I am an ex-Neuroscientist now working on Artificial General Intelligence.
I’m working as a Staff Research Scientist at Google DeepMind, more precisely on Concepts understanding, structured representation learning and RL.
Basically worked a long while on unsupervised structure learning and generative models, leveraging them to make predictions and trying to make model-based Deep Reinforcement learning work like it should.
But like everybody, more recently I’m mostly working with assessing massive visual-language models for their common-sense abilities, like an ex-neuroscientist would 😃
PhD in Computational Neuroscience and Machine Learning
UCL Gatsby Computational Neuroscience Unit
MSc in Computer Science / Biocomputing
Ecole Polytechnique Federale de Lausanne (EPFL)
Lead a variety of research efforts tackling several core AI problems.
Field defining research on object-based/structured generative models, and how to leverage them for learning better autonomous agents (e.g. graph neural networks).
Core research on concepts and generative models, co-author on papers that started the disentanglement representation research sub-field.

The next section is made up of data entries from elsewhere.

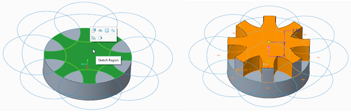 스케치에서 폐곡선들이 교차하는 경우에도 피처를 생성할 수 있습니다.
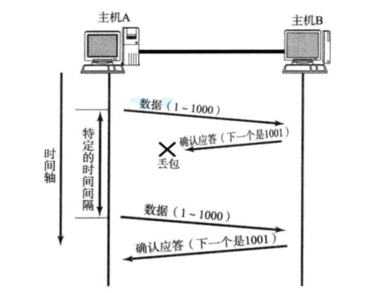 主机 A 发送数据给 B 之后, 可能因为网络拥堵等原因, 数据无法到达主机 B; 如果主机 A 在一个特定时间间隔内没有收到 B 发来的确认应答, 就会进行重发;(这就叫超时重传) 场景二: 但是, 主机 A 未收到 B 发来的确认应答, 也可能是因为 ACK 丢失了;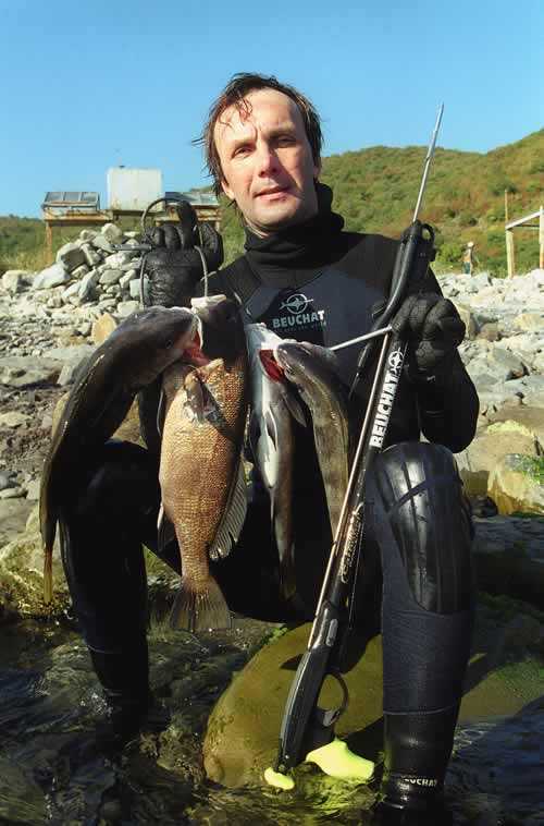 Хороши и пружинные слинги, где в трубе с пружиной и простейшим спусковым механизмом двигается гарпун с наконечником. Гарпун не покидает ствол, и это очень скорострельное оружие идеально подходит для охоты на скорпен, бычков и мелкую камбалу «глосса». В Средиземноморье зимой, когда сарги и другая рыба выходят на мелководье, их тоже можно попытаться добыть с «пружинкой».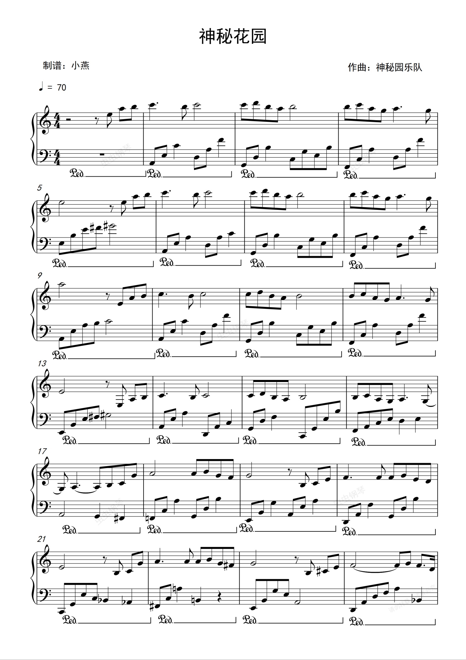 钢琴谱:神秘花园/Songs From A Secret Garden(简易版)

To help agents reason about scenes in terms of their building blocks, we wish to extract the compositional structure of any given scene (in particular, the configuration and characteristics of objects comprising the scene). This problem is especially difficult when scene structure needs to be inferred while also estimating the agent’s location/viewpoint, as the two variables jointly give rise to the agent’s observations. We present an unsupervised variational approach to this problem. Leveraging the shared structure that exists across different scenes, our model learns to infer two sets of latent representations from RGB video input alone; a set of" object" latents, corresponding to the time-invariant, object-level contents of the scene, as well as a set of" frame" latents, corresponding to global time-varying elements such as viewpoint. This factorization of latents allows our model, SIMONe, to represent object attributes in an allocentric manner which does not depend on viewpoint. Moreover, it allows us to disentangle object dynamics and summarize their trajectories as time-abstracted, view-invariant, per-object properties. We demonstrate these capabilities, as well as the model’s performance in terms of view synthesis and instance segmentation, across three procedurally generated video datasets.
Data efficiency and robustness to task-irrelevant perturbations are long-standing challenges for deep reinforcement learning algorithms. Here we introduce a modular approach to addressing these challenges in a continuous control environment, without using hand-crafted or supervised information. Our Curious Object-Based seaRch Agent (COBRA) uses task-free intrinsically motivated exploration and unsupervised learning to build object-based models of its environment and action space. Subsequently, it can learn a variety of tasks through model-based search in very few steps and excel on structured hold-out tests of policy robustness.
The ability to decompose scenes in terms of abstract building blocks is crucial for general intelligence. Where those basic building blocks share meaningful properties, interactions and other regularities across scenes, such decompositions can simplify reasoning and facilitate imagination of novel scenarios. In particular, representing perceptual observations in terms of entities should improve data efficiency and transfer performance on a wide range of tasks. Thus we need models capable of discovering useful decompositions of scenes by identifying units with such regularities and representing them in a common format. To address this problem, we have developed the Multi-Object Network (MONet). In this model, a VAE is trained end-to-end together with a recurrent attention network – in a purely unsupervised manner – to provide attention masks around, and reconstructions of, regions of images. We show that this model is capable of learning to decompose and represent challenging 3D scenes into semantically meaningful components, such as objects and background elements.
This paper describes SCAN (Symbol-Concept Association Network), a new framework for learning recombinable concepts in the visual domain. We first use the previously published beta-VAE (Higgins et al., 2017a) architecture to learn a disentangled representation of the latent structure of the visual world, before training SCAN to extract abstract concepts grounded in such disentangled visual primitives through fast symbol association.